Abstract:
We observe an unknown $d$-variable function $f=f(t)$, $t=(t_1,\dots,t_d)\in[0,\,1]^d,$$f\in L_2([0,\,1]^d)$ in Gaussian white noise of level $\varepsilon>0$. We test the null hypothesis $H_0\colon f=0$ against the alternative $H_1$. Under the alternative, we suppose that unknown function is bounded away from zero:
$$
\|f\|\ge r_\varepsilon,$$
for some positive family $\underset{\varepsilon\to0}{r_\varepsilon\to0}$. Moreover, we assume that unknown $d$-variable $f$ is a function of a smaller number of variables $s$ (“sparse variable” function), and this function satisfies some regularity constraints.
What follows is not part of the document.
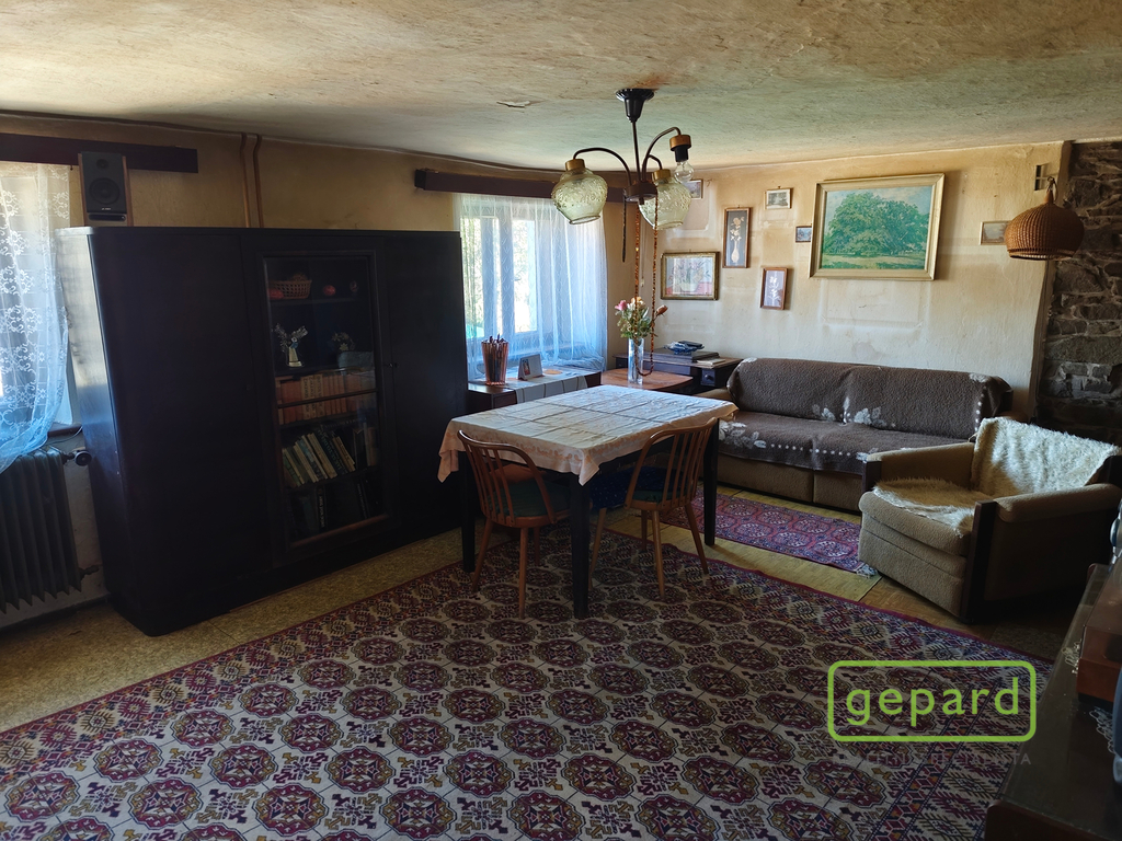Prodej domku se zahradou v obci Šebanov u Hořic na Šumavě. Celková plocha prodávaných pozemků má výměru 437m2, z čehož je zastavěná plocha této třípodlažní budovy 93m2. Ve 2.NP se nachází obytná část s obývacím pokojem, ložnicí, kuchyní, chodbou s výstupem do podkroví a koupelna s toaletou. Podkroví, půdní prostor, je vhodný k případné přestavbě s využitím balkonu. V 1.NP, suterénu, je umístěna integrovaná garáž o výměře 25m2, kotelna s uhelnou a další skladovací prostory. Elektřina zavedena, kanalizace jímka, zdrojem vody je vlastní studna. Vytápění je zajištěno kotlem na tuhá paliva a radiátory. Ohřev vody elektrickým boilerem. Nemovitost je svou polohou vhodná jak k trvalému bydlení tak i rekreaci. Osada Šebanov je součástí obce Hořice na Šumavě s dostatečnou občanskou vybaveností a leží poblíž hlavní trasy Český Krumlov - Lipno, Černá v Pošumaví. Vzdálenost do Hořic na Šumavě 2km, do Českého Krumlova 14km, na Lipno, Černá v Pošumaví 8km. V lokalitě je bohatá příroda a cyklostezky. Prohlédněte si prosím naší fotogalerii. Energetická třída PENB „G“ je uvedena z formálních důvodů dle zákona č. 103/2015 Sb., po obdržení průkazu energetické náročnosti budovy bude uvedena skutečná hodnota. Více informací na níže uvedeném telefonním čísle. Prohlídky po předchozí domluvě z kanceláře Český Krumlov.

We also consider the problem of adaptation in $k=1,\dots,s$. We assume that $d=d_\varepsilon\to\infty$. The integer $s\in\mathbb N$ could be fixed or $s=s_\varepsilon\to\infty$, $s=o(d)$. We study the minimax error probabilities and obtain the minimax separation rates that provide distinguishability in the problems. Then, we apply the results obtained for the case of the alternatives from the Sobolev balls with the remote $L_2$-ball.
Key words and phrases:detection of sparse signal, minimax testing, minimax adaptive testing, sharp detection bounds.